On the Computational Complexities of Complex-valued Neural Networks
This work addresses the need for computational complexity analysis in CVNNs to guide algorithm selection for low-power digital signal processing applications, but it is incremental as it builds on existing studies.
The paper analyzes the computational complexities of complex-valued neural networks (CVNNs), providing both quantitative and asymptotic measures to estimate floating-point operations, which is crucial for implementing them in low-power systems.

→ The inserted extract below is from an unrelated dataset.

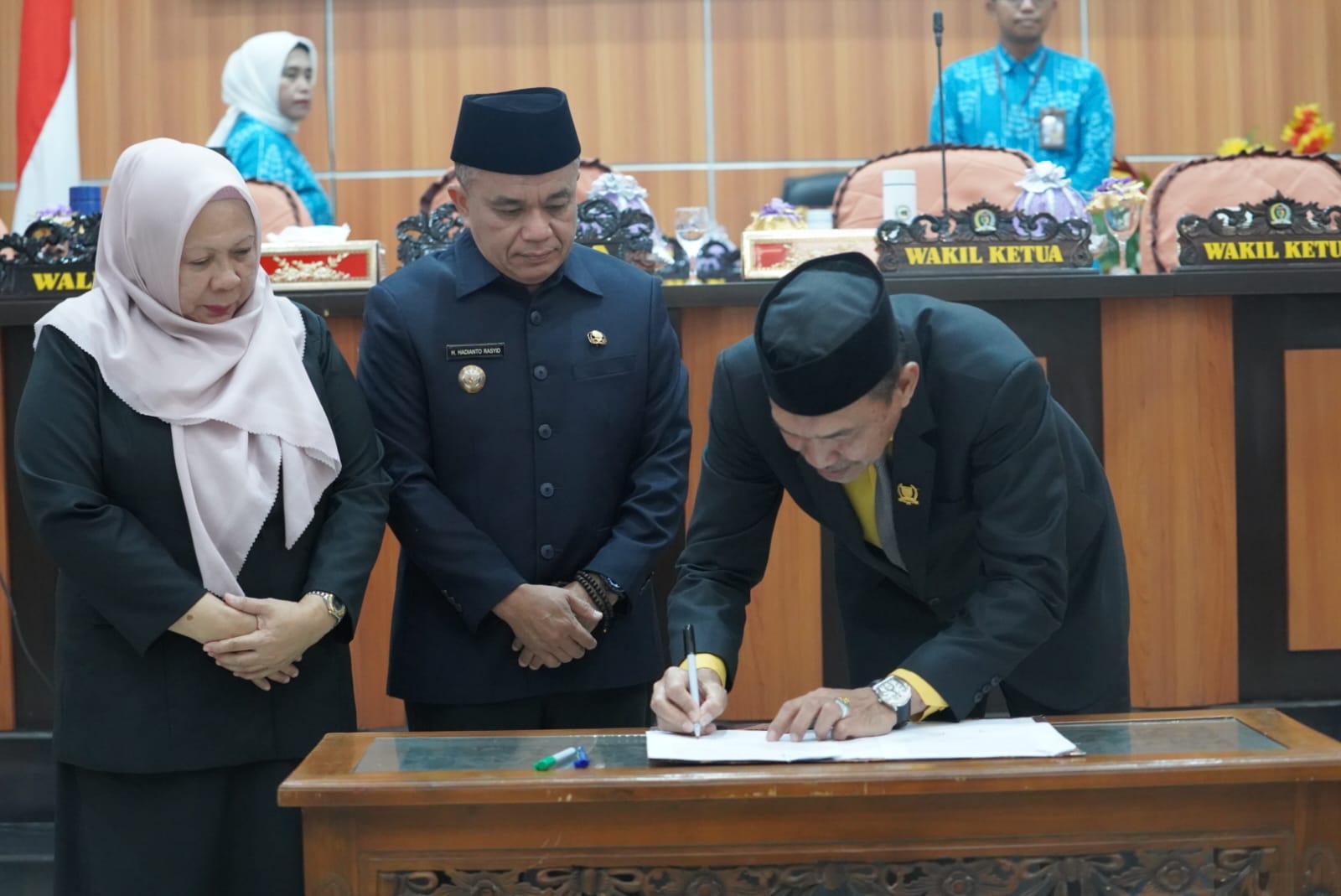 dailykota.com Palu, H. Hadianto Rasyid dan Wakil , Lamadjido, menghadiri Rapat Paripurna bersama DPRD Kota Palu di ruang sidang utama Kantor DPRD, Sabtu malam, 8 Februari 2025.

Complex-valued neural networks (CVNNs) are nonlinear filters used in the digital signal processing of complex-domain data. Compared with real-valued neural networks~(RVNNs), CVNNs can directly handle complex-valued input and output signals due to their complex domain parameters and activation functions. With the trend toward low-power systems, computational complexity analysis has become essential for measuring an algorithm's power consumption. Therefore, this paper presents both the quantitative and asymptotic computational complexities of CVNNs. This is a crucial tool in deciding which algorithm to implement. The mathematical operations are described in terms of the number of real-valued multiplications, as these are the most demanding operations. To determine which CVNN can be implemented in a low-power system, quantitative computational complexities can be used to accurately estimate the number of floating-point operations. We have also investigated the computational complexities of CVNNs discussed in some studies presented in the literature.